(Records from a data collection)
%%

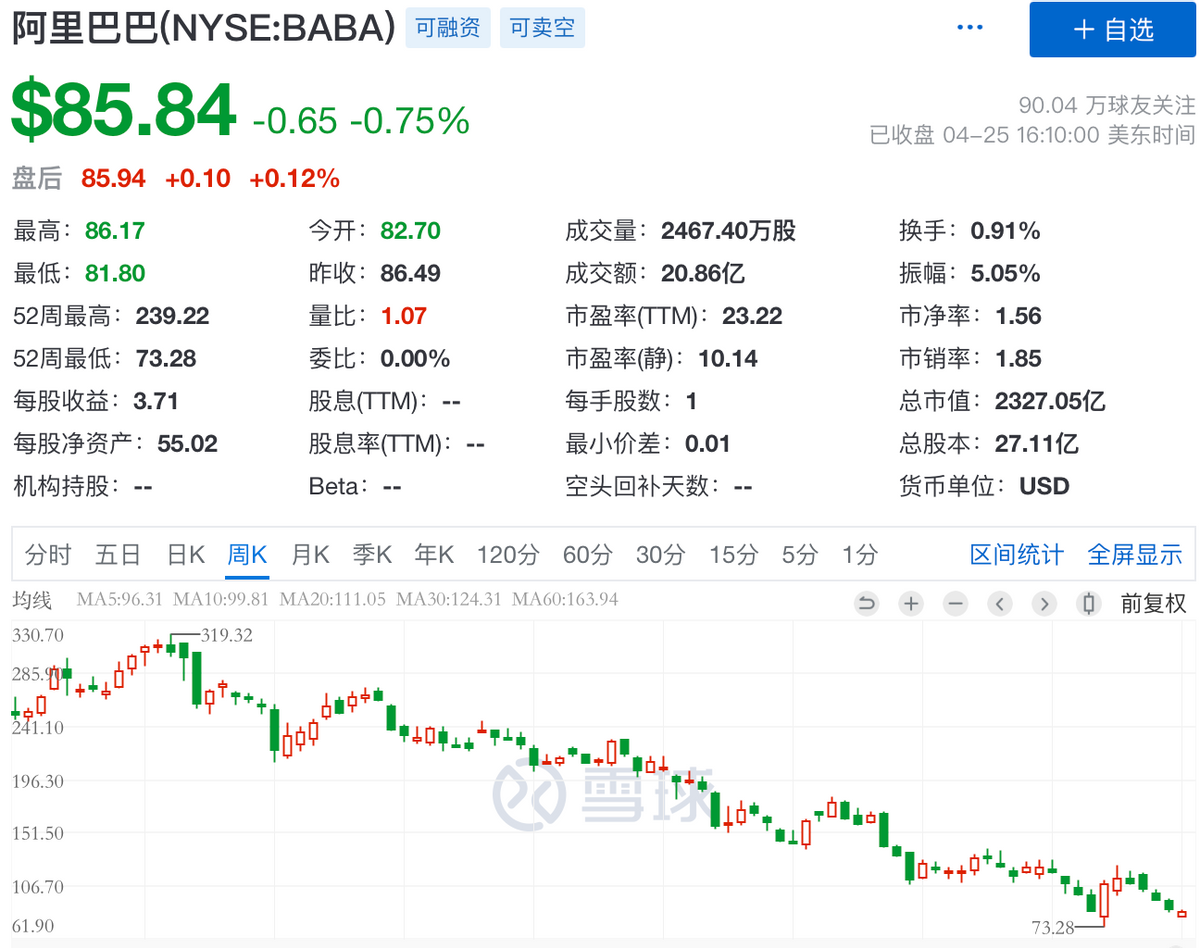 马云财富缩水的主要原因是,阿里巴巴股价的持续下挫,2022年以来,阿里巴巴美股、港股股价不断刷新新低,年内累计跌幅分别达27.7%、28.4%。
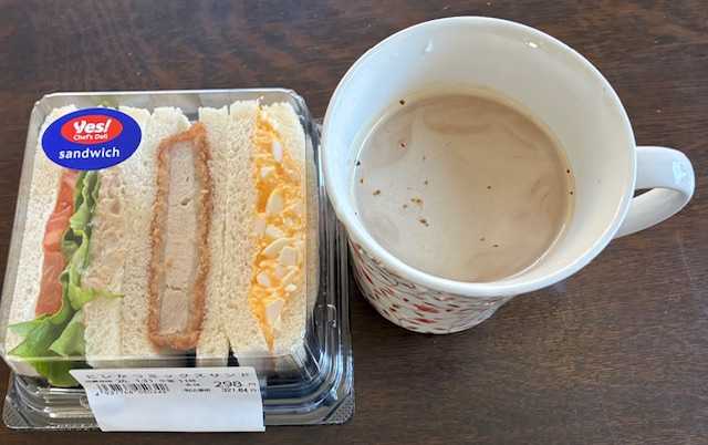 昼食は、ミックスサンド、コーヒー。デザートに、濃い抹茶のクリーム…
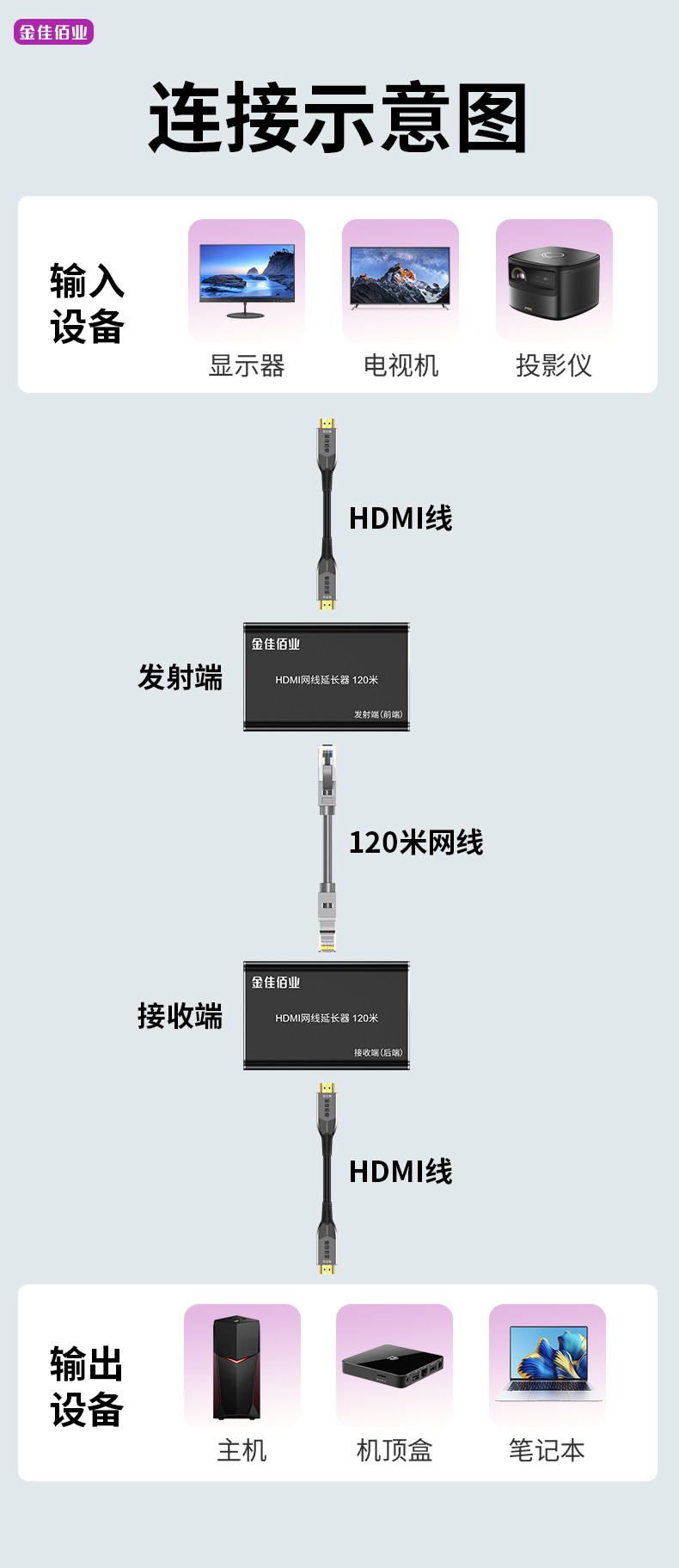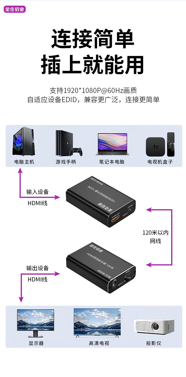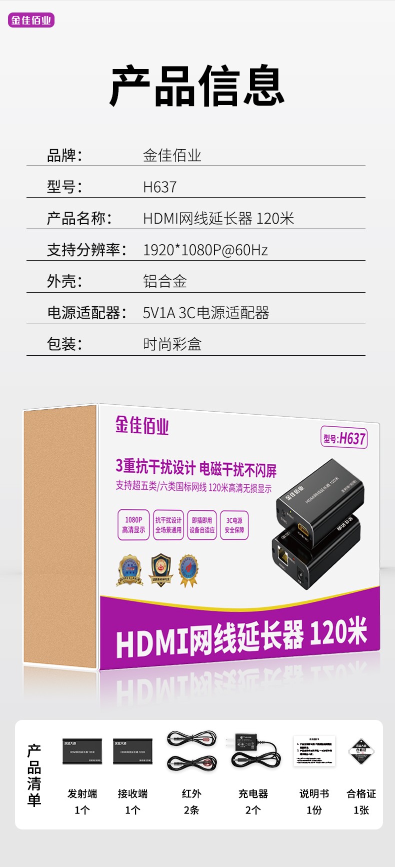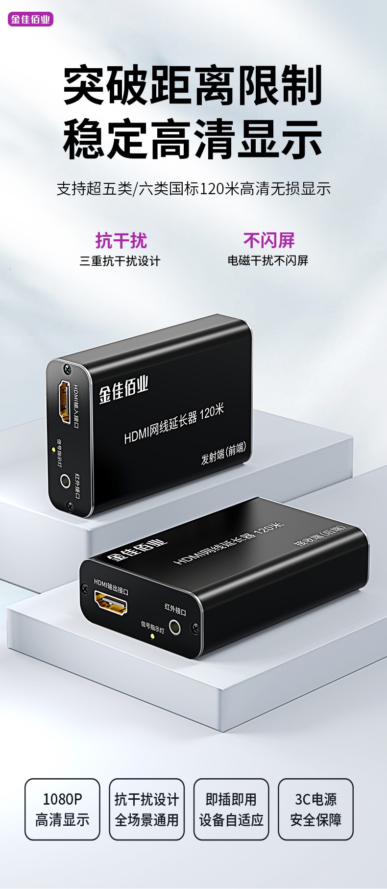 2. 支持超五類/六類及以上規格120米 高清顯示
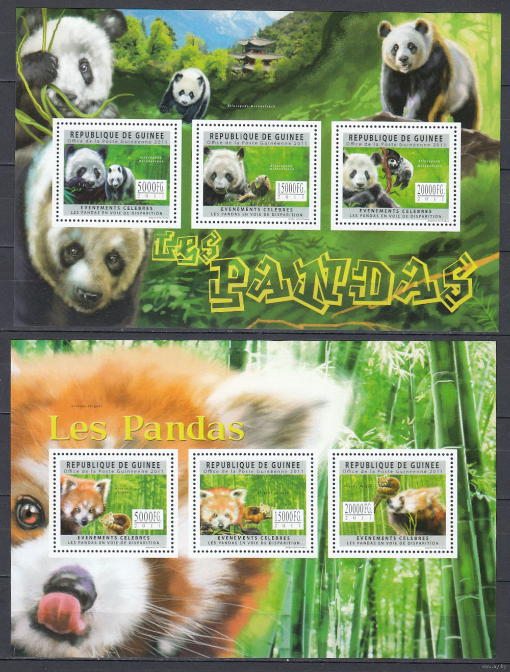 Фауна. Панды. Гвинея. 2011. 2 малых листа. Michel N 8897-8902 (32,0 е)
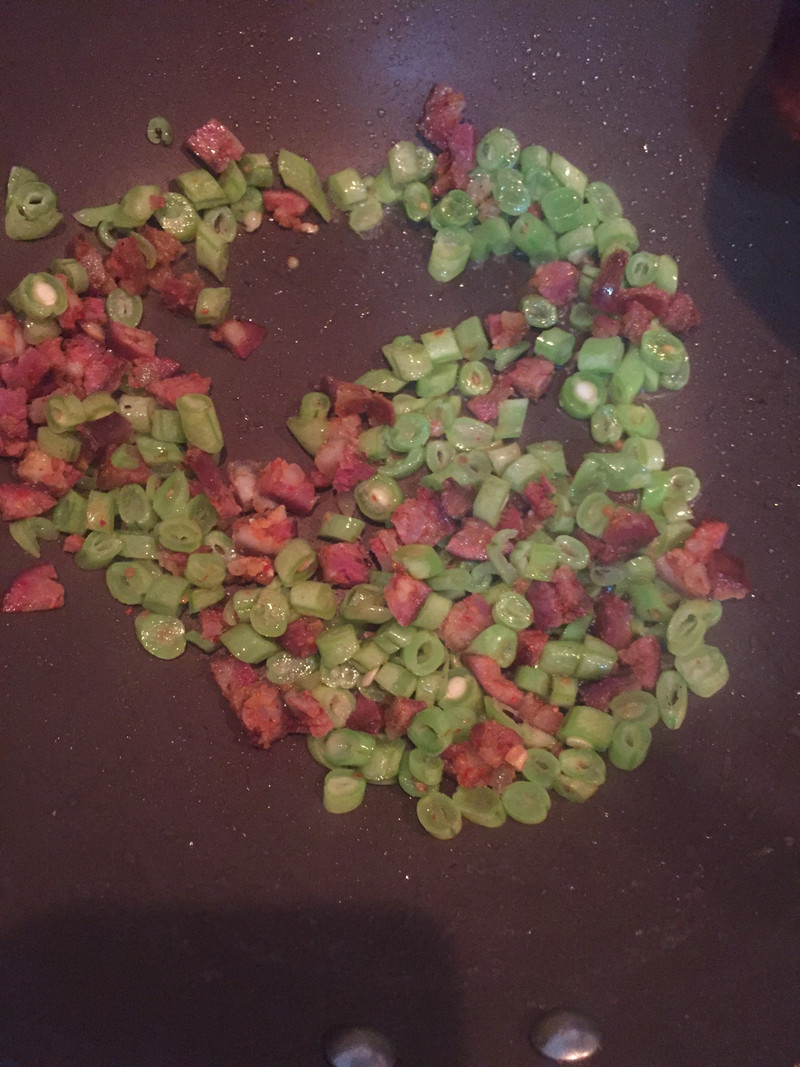 家里只剩下一小把四季豆,昨天吃剩的一根香肠,今天中午做个焖饭,美味!
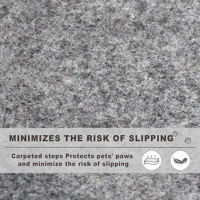 - ๐ก๏ธ Security and Stability: Constructed from high-grade wood, our pet stairs provide strength and reliability. The back brace structure ensures well-balanced stability, and ribbed rubber at the bottom of each frame piece prevents slipping on floors. Carpeted steps and fabric-covered surfaces offer added comfort and safety by preventing paws from slipping, giving your pet a sturdy and secure climbing experience.
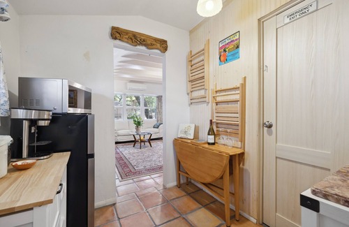 Nestled in the Ojai Valley's Meiners Oaks, affectionately named "Mo Town", this delightful studio is a wonderful retreat for guests. With its charming decor and natural light, this cozy space offers a comfortable country retreat. The sleeping space features a high quality queen bed with high quality linens, ensuring a restful night's sleep. The bathroom is equipped with a refreshing shower, hair dryer, fresh towels and toiletries for your convenience. Stay connected with WiFi and Direct TV. Includes a minisplit for dedicated heating and AC, that guests control. Kitchenette is equipped with mini fridge, freezer, microwave, induction plate, tea kettle and coffee maker-sorry no stove. Although this studio is connected to the main house privacy is guaranteed. Includes private off street gated parking and EV charging is available on request. Casa Esquina is just a short 7 minute drive to downtown Ojai and sits with convenient access to both highway 150 and the 33.
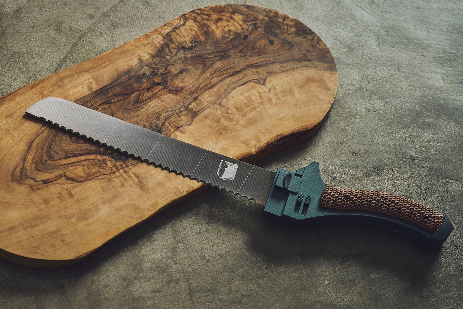 超硬質ブレードをイメージした包丁の第2弾が登場。一時完売となっていた第一弾も再入荷しました。TVアニメ『進撃の巨人』と、日本が世界に誇る包丁の産地「関市」の包丁ブランド「NiNJA」とコラボレーションで実現した、切れ味とデザインを両立した包丁です。

%%

§ Problem details: Your reply is the full set of entries reproduced exactly, with images omitted.

§ Answer to the problem:
 马云财富缩水的主要原因是,阿里巴巴股价的持续下挫,2022年以来,阿里巴巴美股、港股股价不断刷新新低,年内累计跌幅分别达27.7%、28.4%。
 昼食は、ミックスサンド、コーヒー。デザートに、濃い抹茶のクリーム…
 2. 支持超五類/六類及以上規格120米 高清顯示
 Фауна. Панды. Гвинея. 2011. 2 малых листа. Michel N 8897-8902 (32,0 е)
 家里只剩下一小把四季豆,昨天吃剩的一根香肠,今天中午做个焖饭,美味!
 - ๐ก๏ธ Security and Stability: Constructed from high-grade wood, our pet stairs provide strength and reliability. The back brace structure ensures well-balanced stability, and ribbed rubber at the bottom of each frame piece prevents slipping on floors. Carpeted steps and fabric-covered surfaces offer added comfort and safety by preventing paws from slipping, giving your pet a sturdy and secure climbing experience.
 Nestled in the Ojai Valley's Meiners Oaks, affectionately named "Mo Town", this delightful studio is a wonderful retreat for guests. With its charming decor and natural light, this cozy space offers a comfortable country retreat. The sleeping space features a high quality queen bed with high quality linens, ensuring a restful night's sleep. The bathroom is equipped with a refreshing shower, hair dryer, fresh towels and toiletries for your convenience. Stay connected with WiFi and Direct TV. Includes a minisplit for dedicated heating and AC, that guests control. Kitchenette is equipped with mini fridge, freezer, microwave, induction plate, tea kettle and coffee maker-sorry no stove. Although this studio is connected to the main house privacy is guaranteed. Includes private off street gated parking and EV charging is available on request. Casa Esquina is just a short 7 minute drive to downtown Ojai and sits with convenient access to both highway 150 and the 33.
 超硬質ブレードをイメージした包丁の第2弾が登場。一時完売となっていた第一弾も再入荷しました。TVアニメ『進撃の巨人』と、日本が世界に誇る包丁の産地「関市」の包丁ブランド「NiNJA」とコラボレーションで実現した、切れ味とデザインを両立した包丁です。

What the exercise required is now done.